### Stored items
*** Block opens ***

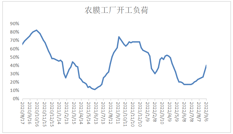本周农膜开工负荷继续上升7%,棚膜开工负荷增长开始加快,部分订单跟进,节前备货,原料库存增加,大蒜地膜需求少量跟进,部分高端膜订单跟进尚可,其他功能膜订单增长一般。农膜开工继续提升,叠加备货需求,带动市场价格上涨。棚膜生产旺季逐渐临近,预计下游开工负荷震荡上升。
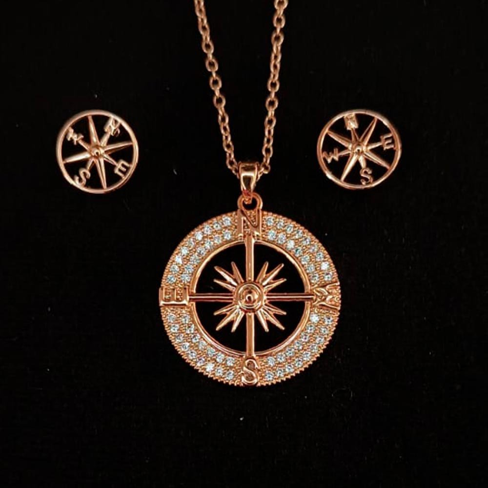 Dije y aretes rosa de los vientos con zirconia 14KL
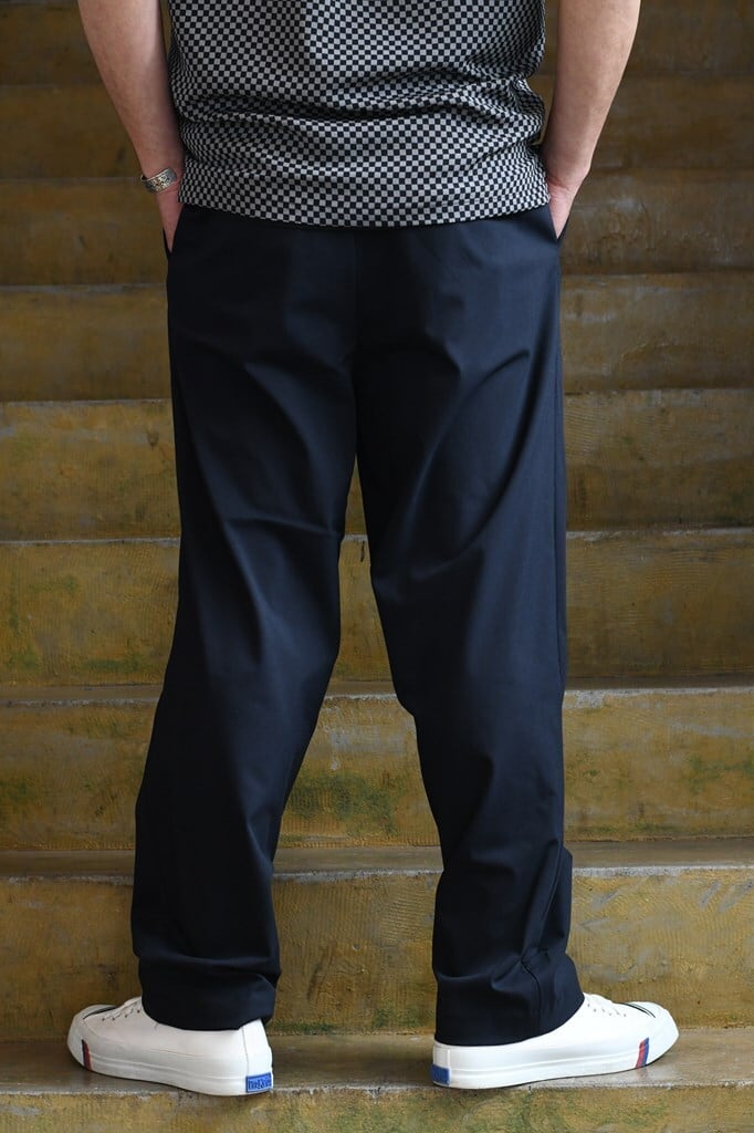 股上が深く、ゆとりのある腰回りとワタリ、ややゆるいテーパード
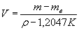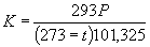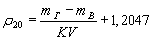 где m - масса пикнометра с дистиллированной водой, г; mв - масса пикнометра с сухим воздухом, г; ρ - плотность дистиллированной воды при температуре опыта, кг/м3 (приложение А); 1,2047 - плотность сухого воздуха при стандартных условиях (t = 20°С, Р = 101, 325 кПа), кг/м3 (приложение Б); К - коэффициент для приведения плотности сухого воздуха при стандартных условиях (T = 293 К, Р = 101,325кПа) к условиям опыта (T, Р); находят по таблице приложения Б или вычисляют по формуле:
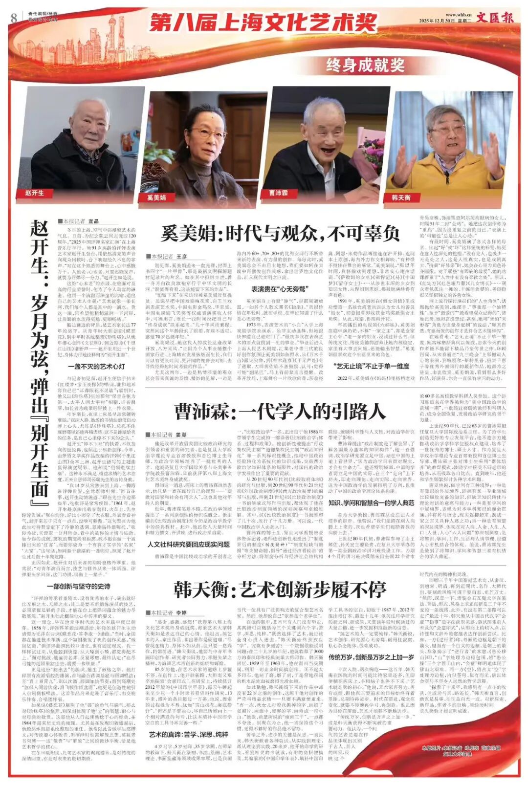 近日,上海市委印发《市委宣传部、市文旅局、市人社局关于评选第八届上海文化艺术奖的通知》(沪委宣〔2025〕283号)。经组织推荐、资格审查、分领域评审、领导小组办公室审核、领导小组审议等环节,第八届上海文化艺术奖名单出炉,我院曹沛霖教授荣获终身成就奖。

*** Block closes ***
*** Block opens ***

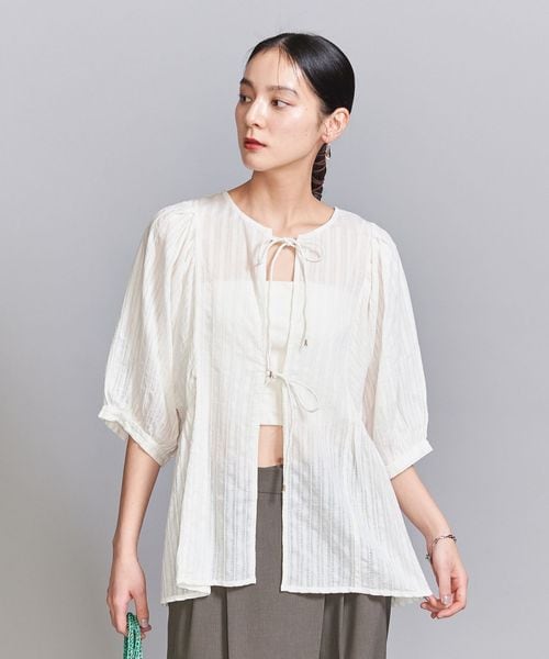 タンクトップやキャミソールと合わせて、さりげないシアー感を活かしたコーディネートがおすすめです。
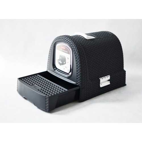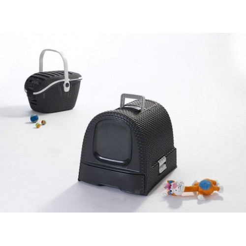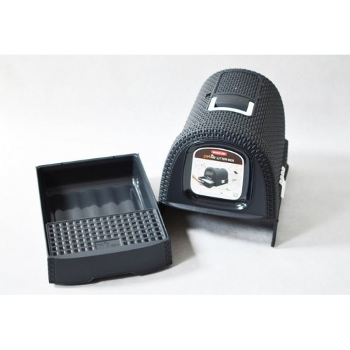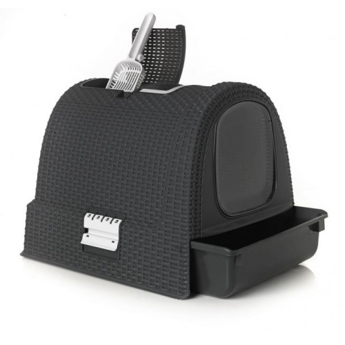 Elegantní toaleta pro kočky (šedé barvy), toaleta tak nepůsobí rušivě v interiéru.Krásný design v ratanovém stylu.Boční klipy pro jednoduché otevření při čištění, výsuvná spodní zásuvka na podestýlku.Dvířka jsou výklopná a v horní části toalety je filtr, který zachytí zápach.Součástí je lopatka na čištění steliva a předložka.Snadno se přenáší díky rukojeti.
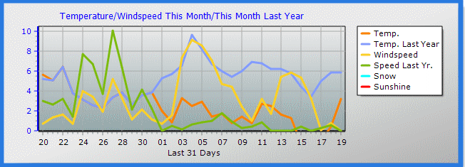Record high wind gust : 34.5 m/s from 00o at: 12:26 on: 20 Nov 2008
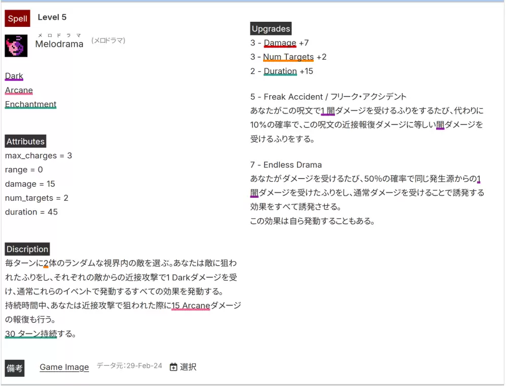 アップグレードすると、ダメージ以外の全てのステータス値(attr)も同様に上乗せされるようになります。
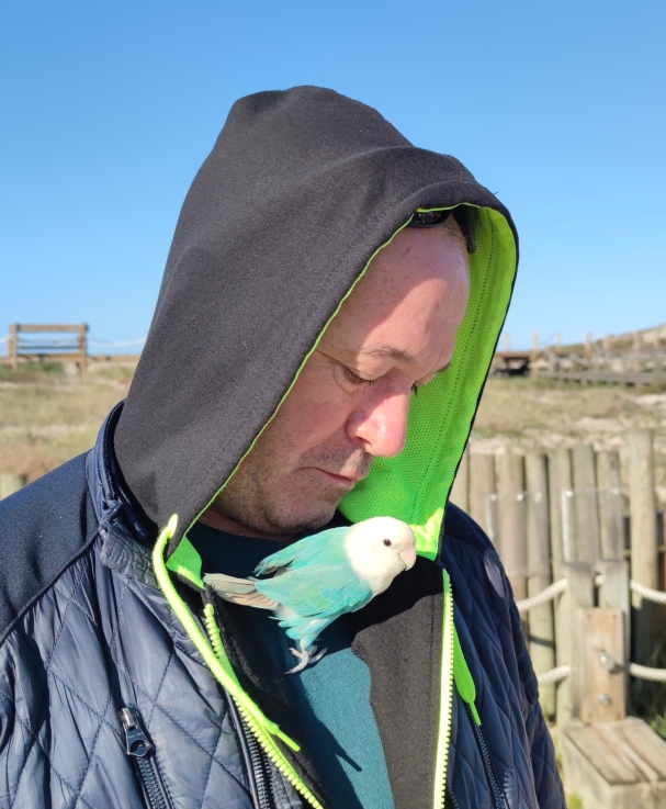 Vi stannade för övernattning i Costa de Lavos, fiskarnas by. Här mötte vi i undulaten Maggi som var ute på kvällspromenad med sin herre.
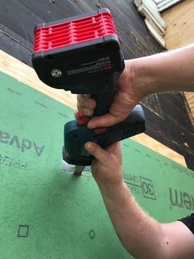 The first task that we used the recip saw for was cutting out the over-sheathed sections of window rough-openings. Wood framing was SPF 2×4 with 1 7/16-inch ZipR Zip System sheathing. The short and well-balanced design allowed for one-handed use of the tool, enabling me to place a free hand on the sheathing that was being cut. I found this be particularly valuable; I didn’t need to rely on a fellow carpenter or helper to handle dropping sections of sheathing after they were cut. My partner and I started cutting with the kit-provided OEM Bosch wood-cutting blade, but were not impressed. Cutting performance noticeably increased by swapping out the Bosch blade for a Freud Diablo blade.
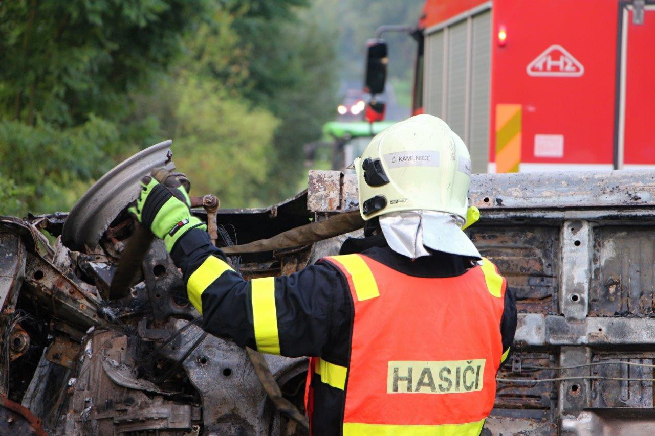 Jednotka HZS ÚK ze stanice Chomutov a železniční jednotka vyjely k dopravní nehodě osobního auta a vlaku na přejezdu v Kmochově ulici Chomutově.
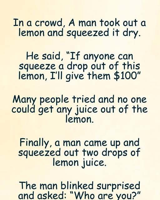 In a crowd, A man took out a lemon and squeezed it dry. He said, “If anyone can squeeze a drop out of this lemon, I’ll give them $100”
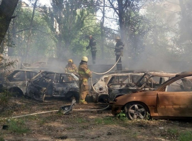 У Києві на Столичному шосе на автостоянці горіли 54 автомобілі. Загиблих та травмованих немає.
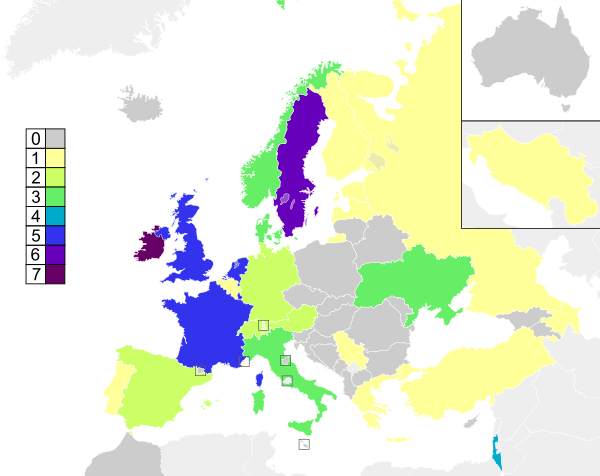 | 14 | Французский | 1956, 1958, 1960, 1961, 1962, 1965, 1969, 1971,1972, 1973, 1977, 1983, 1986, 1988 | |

*** Block closes ***

### Exercise prompt
Return, exactly as they stand, the lines above from the one with "本周农膜开工负荷继续上升7%" to the one with "近日,上海市委印发《市委宣传", omitting any pictures among them.

### Exercise answer
本周农膜开工负荷继续上升7%,棚膜开工负荷增长开始加快,部分订单跟进,节前备货,原料库存增加,大蒜地膜需求少量跟进,部分高端膜订单跟进尚可,其他功能膜订单增长一般。农膜开工继续提升,叠加备货需求,带动市场价格上涨。棚膜生产旺季逐渐临近,预计下游开工负荷震荡上升。
 Dije y aretes rosa de los vientos con zirconia 14KL
 股上が深く、ゆとりのある腰回りとワタリ、ややゆるいテーパード
 где m - масса пикнометра с дистиллированной водой, г; mв - масса пикнометра с сухим воздухом, г; ρ - плотность дистиллированной воды при температуре опыта, кг/м3 (приложение А); 1,2047 - плотность сухого воздуха при стандартных условиях (t = 20°С, Р = 101, 325 кПа), кг/м3 (приложение Б); К - коэффициент для приведения плотности сухого воздуха при стандартных условиях (T = 293 К, Р = 101,325кПа) к условиям опыта (T, Р); находят по таблице приложения Б или вычисляют по формуле:
 近日,上海市委印发《市委宣传部、市文旅局、市人社局关于评选第八届上海文化艺术奖的通知》(沪委宣〔2025〕283号)。经组织推荐、资格审查、分领域评审、领导小组办公室审核、领导小组审议等环节,第八届上海文化艺术奖名单出炉,我院曹沛霖教授荣获终身成就奖。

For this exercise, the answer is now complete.